The final component of the API is the main.py file, this is where we define the FastAPI app and include the router.

from fastapi import FastAPI
from fastapi.middleware.cors import CORSMiddleware
from routers import chat

app = FastAPI(
    title="Medical Chatbot API",
    description="API for a medical chatbot that answers health-related questions",
    version="1.0.0"
)

# CORS settings
app.add_middleware(
    CORSMiddleware,
    allow_origins=["*"],  # Adjust for production
    allow_credentials=True,
    allow_methods=["*"],
    allow_headers=["*"],
)

# Include routers
app.include_router(chat.router)

@app.get("/")
async def root():
    return {"message": "Welcome to the Medical Chatbot API. Use /docs for API documentation."}

The middleware is an important security feature, allow_origins is set to accept requests from anywhere, this is acceptable only in this case because this is a development environment.
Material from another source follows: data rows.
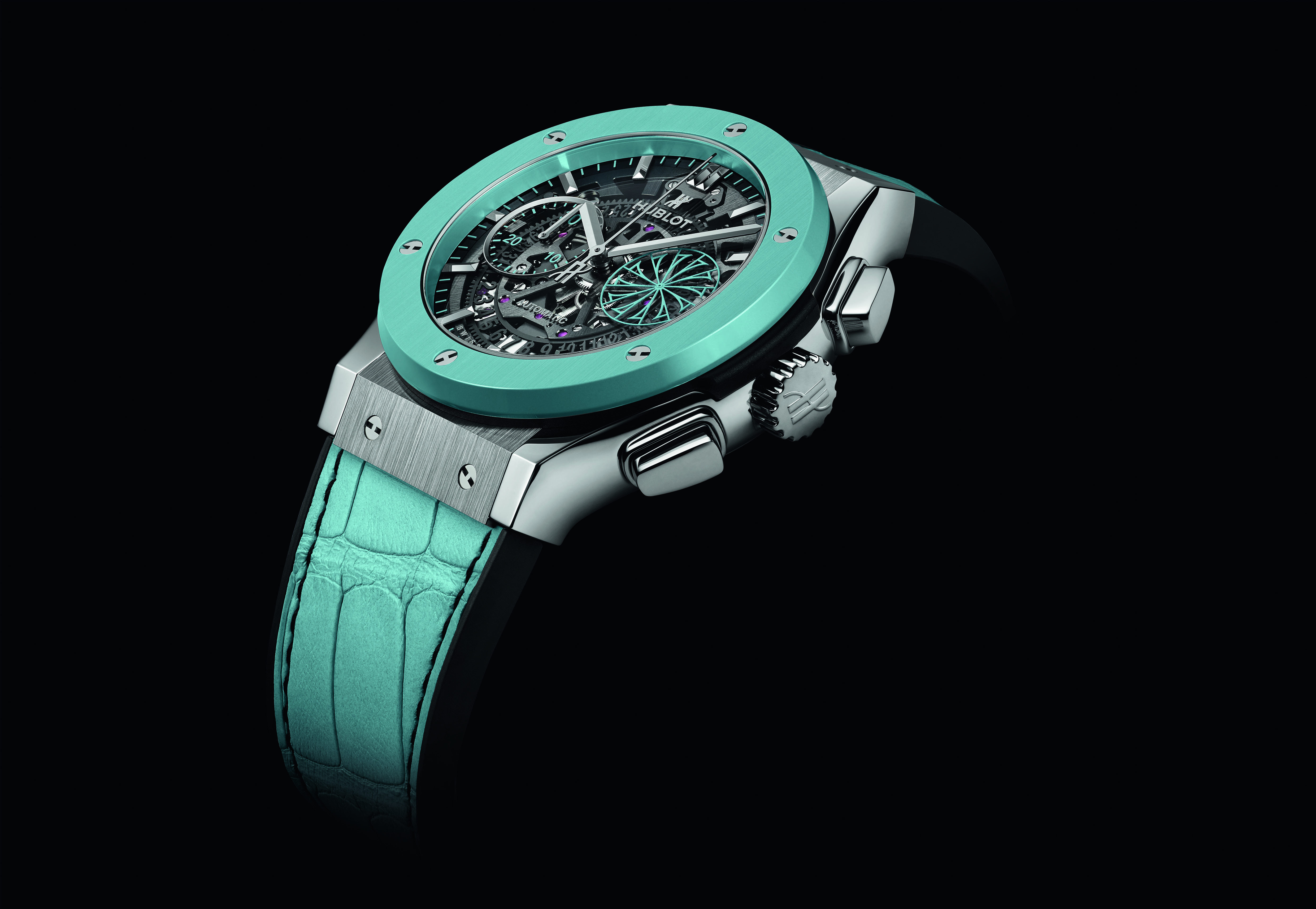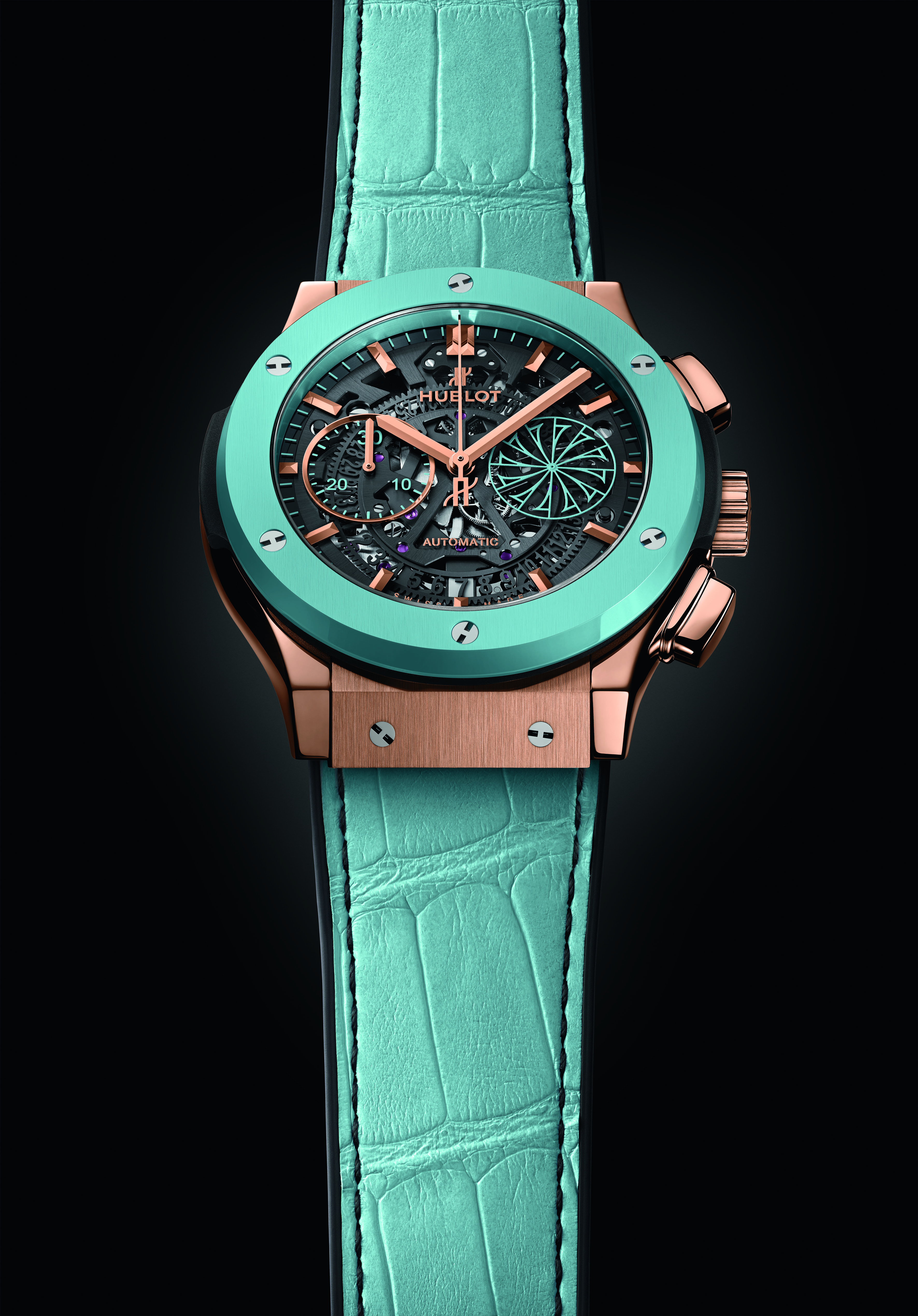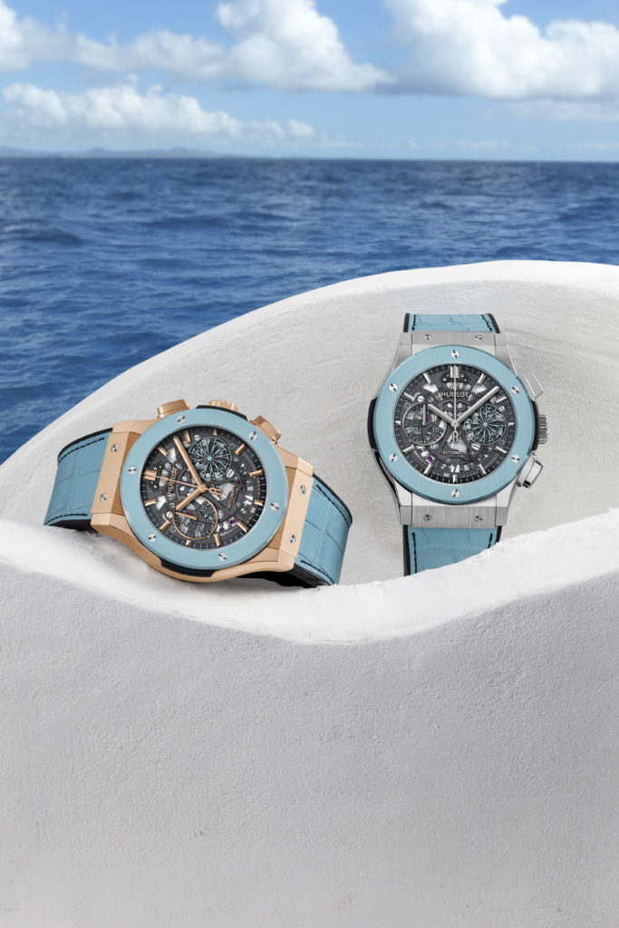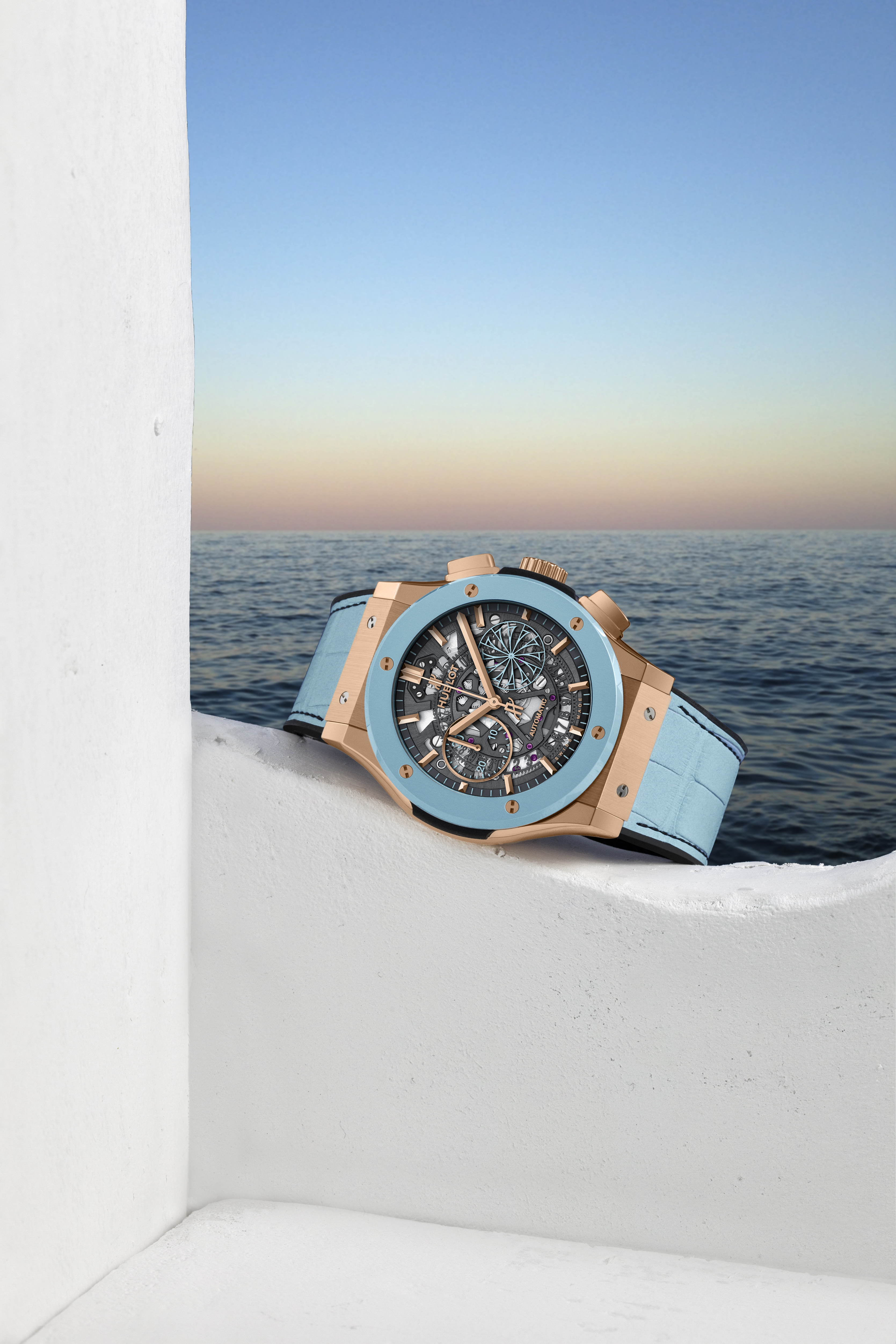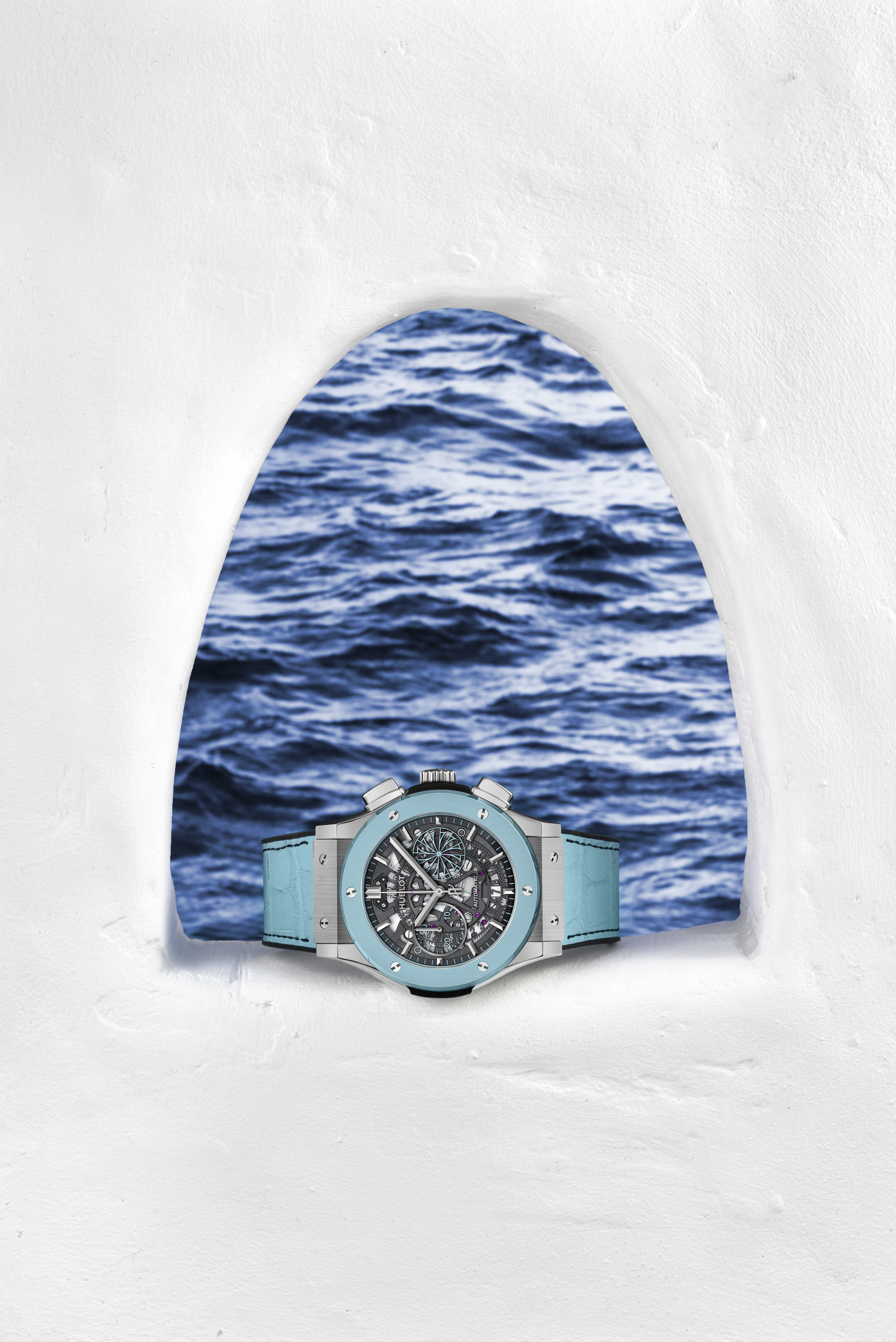 La tendance perpétuée par Hublot, à savoir de montrer le mouvement plutôt que de le cacher, se révèle encore plus impressionnante avec cette collection, uniquement disponible à Mykonos.
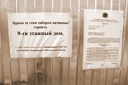 Объявления были размещены и на подъездах домов, и прямо на металлическом ограждении стройки: «Прямо за этим забором начинают строить 9-этажный дом. P. S. Общее собрание жильцов домов: Рижский проспект 85А и 87А 15 июля 2013 года в 19.00 на детской площадке».
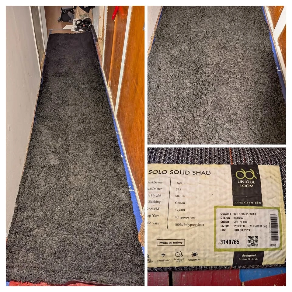 10Brand: unique loom Hard to tell in the photos but it can be difficult to vacuum. I just vacuumed it. Shampooed it once a while back. Haven't used it in a while. 2'6" wide 13ft long
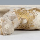 Two Indian carved alabaster figures of a Nandi bull and lion, 19th century, each with gilt decoration, length 15cm and 16.5cm (chips to ears and horns of Nandi bull and wear to gilt of both). Provenance: from the estate of a West Sussex collector.
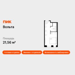 Продаются апартаменты-студия площадью 21,56 кв.м на 13 этаже 15 этажного дома (Вольта, Секция 1) проекта ПИК Вольта.
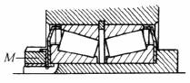 用螺母M来紧定调整圆锥滚子轴套,使带有必要的预过盈 |
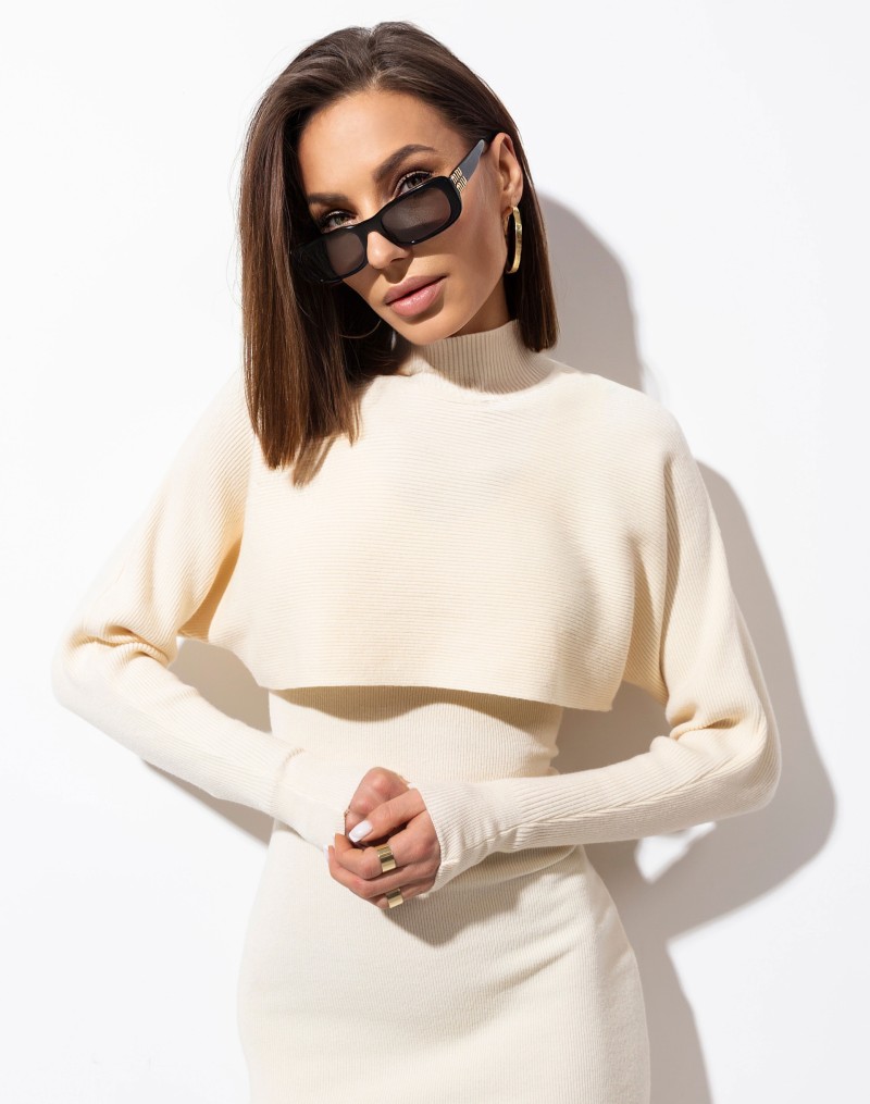 Dzianinowa sukienka 2w1 w kolorze ecru o dopasowanym kroju z krótkim, prążkowanym sweterkiem typu crop. Model z długim rękawem i półgolfem, który tworzy modny efekt warstwowy. Miękka, elastyczna dzianina zapewnia komfort noszenia i ładnie dopasowuje się do sylwetki. Idealna na stylowe, codzienne i eleganckie stylizacje.Elastyczny materiał

But in production, you should restrict the allowed origins to only the ones you trust.

Conclusion and Next Steps

We rebuilt the RAG chatbot using a vector database, used Hugging Face embedding API, and built a backend API using FastAPI.

The new design is more scalable and easier to deploy, unlike the previous version, we don’t need to load the dataset every time we want to retrieve the context, and we got rid of big libraries like sentence_transformers, datasets, and faiss.

Now, we can containerize the app and deploy it using Docker and AWS, this is what I will cover in the next blog.